INFORMATION SHOWN:
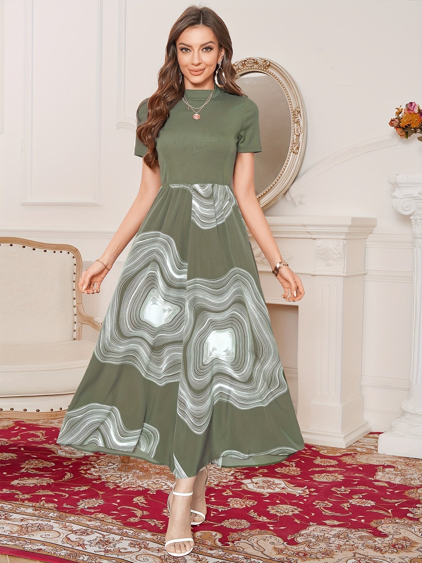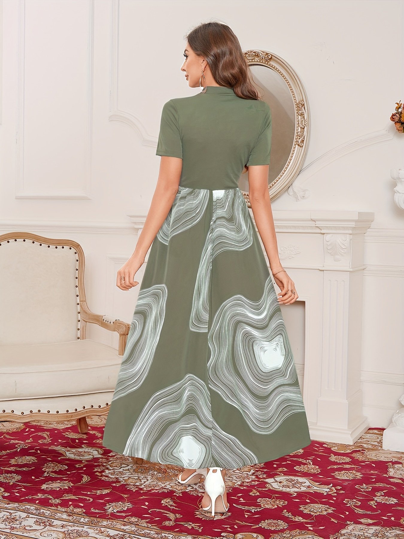 Graphic Print Splicing Aline Dress, Vintage Mock Neck Short Sleeve Dress, Women’s Clothing
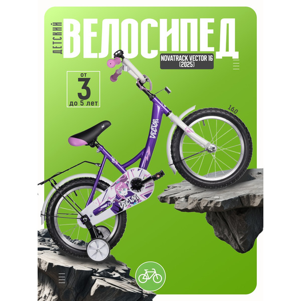 Детский велосипед Novatrack Vector 16, год 2025, цвет Фиолетовый
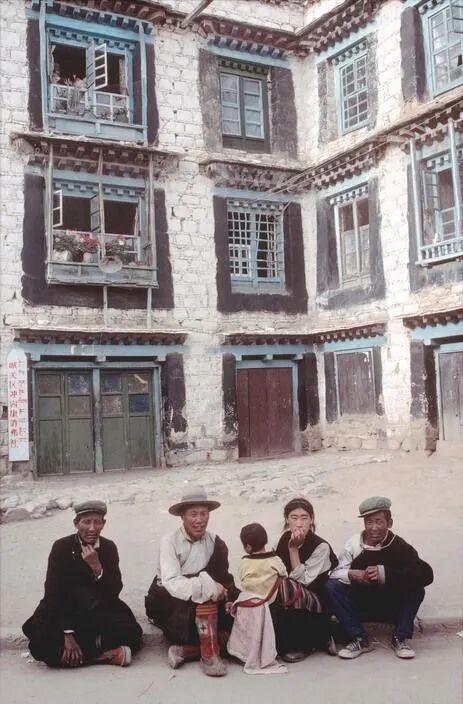 1979年,西藏藏式民居前的一家人。

DESCRIPTION OF THE TASK: Rewrite the data above exactly as given, but omit the images.

ANSWER SPACE:
 Graphic Print Splicing Aline Dress, Vintage Mock Neck Short Sleeve Dress, Women’s Clothing
 Детский велосипед Novatrack Vector 16, год 2025, цвет Фиолетовый
 1979年,西藏藏式民居前的一家人。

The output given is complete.